INSTRUCTIONS FOR THE TASK >>
Line by line, transcribe the data shown below.

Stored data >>
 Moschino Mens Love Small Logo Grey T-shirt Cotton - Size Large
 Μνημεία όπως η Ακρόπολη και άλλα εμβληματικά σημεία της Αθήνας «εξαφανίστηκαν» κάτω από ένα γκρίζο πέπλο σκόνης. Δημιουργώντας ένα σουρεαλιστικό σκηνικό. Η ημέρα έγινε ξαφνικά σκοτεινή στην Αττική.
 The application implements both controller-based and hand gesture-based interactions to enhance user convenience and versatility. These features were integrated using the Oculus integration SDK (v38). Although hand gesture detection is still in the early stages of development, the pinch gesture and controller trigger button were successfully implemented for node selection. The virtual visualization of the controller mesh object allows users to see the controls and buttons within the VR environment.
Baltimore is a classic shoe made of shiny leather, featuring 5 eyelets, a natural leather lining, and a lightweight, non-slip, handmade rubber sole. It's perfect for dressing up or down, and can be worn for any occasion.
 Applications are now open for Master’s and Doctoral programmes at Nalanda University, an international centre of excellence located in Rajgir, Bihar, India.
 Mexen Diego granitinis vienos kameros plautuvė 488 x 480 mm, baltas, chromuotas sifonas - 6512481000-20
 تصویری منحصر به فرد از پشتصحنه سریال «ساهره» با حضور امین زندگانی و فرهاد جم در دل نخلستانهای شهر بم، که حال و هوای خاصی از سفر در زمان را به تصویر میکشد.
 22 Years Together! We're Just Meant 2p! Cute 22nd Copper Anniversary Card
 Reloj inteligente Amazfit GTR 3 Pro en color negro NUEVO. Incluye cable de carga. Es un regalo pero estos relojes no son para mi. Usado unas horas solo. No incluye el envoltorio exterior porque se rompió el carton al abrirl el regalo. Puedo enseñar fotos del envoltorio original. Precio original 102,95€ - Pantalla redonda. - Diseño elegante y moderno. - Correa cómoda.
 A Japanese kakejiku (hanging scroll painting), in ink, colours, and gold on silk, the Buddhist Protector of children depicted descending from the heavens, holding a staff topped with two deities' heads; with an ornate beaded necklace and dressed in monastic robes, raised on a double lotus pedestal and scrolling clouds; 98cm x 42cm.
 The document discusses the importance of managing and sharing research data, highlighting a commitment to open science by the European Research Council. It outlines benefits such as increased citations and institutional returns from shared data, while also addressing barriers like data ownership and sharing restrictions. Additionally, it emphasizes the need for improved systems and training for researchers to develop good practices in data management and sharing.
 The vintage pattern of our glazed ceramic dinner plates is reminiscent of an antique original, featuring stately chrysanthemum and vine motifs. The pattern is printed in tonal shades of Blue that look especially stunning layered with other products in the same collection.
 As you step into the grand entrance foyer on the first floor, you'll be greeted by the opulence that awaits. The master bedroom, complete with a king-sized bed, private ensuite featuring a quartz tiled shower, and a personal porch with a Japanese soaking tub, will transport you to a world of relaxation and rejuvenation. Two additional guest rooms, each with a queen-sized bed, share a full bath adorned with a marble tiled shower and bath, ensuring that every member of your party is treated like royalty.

RESULT OF THE TASK >>
 Moschino Mens Love Small Logo Grey T-shirt Cotton - Size Large
 Μνημεία όπως η Ακρόπολη και άλλα εμβληματικά σημεία της Αθήνας «εξαφανίστηκαν» κάτω από ένα γκρίζο πέπλο σκόνης. Δημιουργώντας ένα σουρεαλιστικό σκηνικό. Η ημέρα έγινε ξαφνικά σκοτεινή στην Αττική.
 The application implements both controller-based and hand gesture-based interactions to enhance user convenience and versatility. These features were integrated using the Oculus integration SDK (v38). Although hand gesture detection is still in the early stages of development, the pinch gesture and controller trigger button were successfully implemented for node selection. The virtual visualization of the controller mesh object allows users to see the controls and buttons within the VR environment.
Baltimore is a classic shoe made of shiny leather, featuring 5 eyelets, a natural leather lining, and a lightweight, non-slip, handmade rubber sole. It's perfect for dressing up or down, and can be worn for any occasion.
 Applications are now open for Master’s and Doctoral programmes at Nalanda University, an international centre of excellence located in Rajgir, Bihar, India.
 Mexen Diego granitinis vienos kameros plautuvė 488 x 480 mm, baltas, chromuotas sifonas - 6512481000-20
 تصویری منحصر به فرد از پشتصحنه سریال «ساهره» با حضور امین زندگانی و فرهاد جم در دل نخلستانهای شهر بم، که حال و هوای خاصی از سفر در زمان را به تصویر میکشد.
 22 Years Together! We're Just Meant 2p! Cute 22nd Copper Anniversary Card
 Reloj inteligente Amazfit GTR 3 Pro en color negro NUEVO. Incluye cable de carga. Es un regalo pero estos relojes no son para mi. Usado unas horas solo. No incluye el envoltorio exterior porque se rompió el carton al abrirl el regalo. Puedo enseñar fotos del envoltorio original. Precio original 102,95€ - Pantalla redonda. - Diseño elegante y moderno. - Correa cómoda.
 A Japanese kakejiku (hanging scroll painting), in ink, colours, and gold on silk, the Buddhist Protector of children depicted descending from the heavens, holding a staff topped with two deities' heads; with an ornate beaded necklace and dressed in monastic robes, raised on a double lotus pedestal and scrolling clouds; 98cm x 42cm.
 The document discusses the importance of managing and sharing research data, highlighting a commitment to open science by the European Research Council. It outlines benefits such as increased citations and institutional returns from shared data, while also addressing barriers like data ownership and sharing restrictions. Additionally, it emphasizes the need for improved systems and training for researchers to develop good practices in data management and sharing.
 The vintage pattern of our glazed ceramic dinner plates is reminiscent of an antique original, featuring stately chrysanthemum and vine motifs. The pattern is printed in tonal shades of Blue that look especially stunning layered with other products in the same collection.
 As you step into the grand entrance foyer on the first floor, you'll be greeted by the opulence that awaits. The master bedroom, complete with a king-sized bed, private ensuite featuring a quartz tiled shower, and a personal porch with a Japanese soaking tub, will transport you to a world of relaxation and rejuvenation. Two additional guest rooms, each with a queen-sized bed, share a full bath adorned with a marble tiled shower and bath, ensuring that every member of your party is treated like royalty.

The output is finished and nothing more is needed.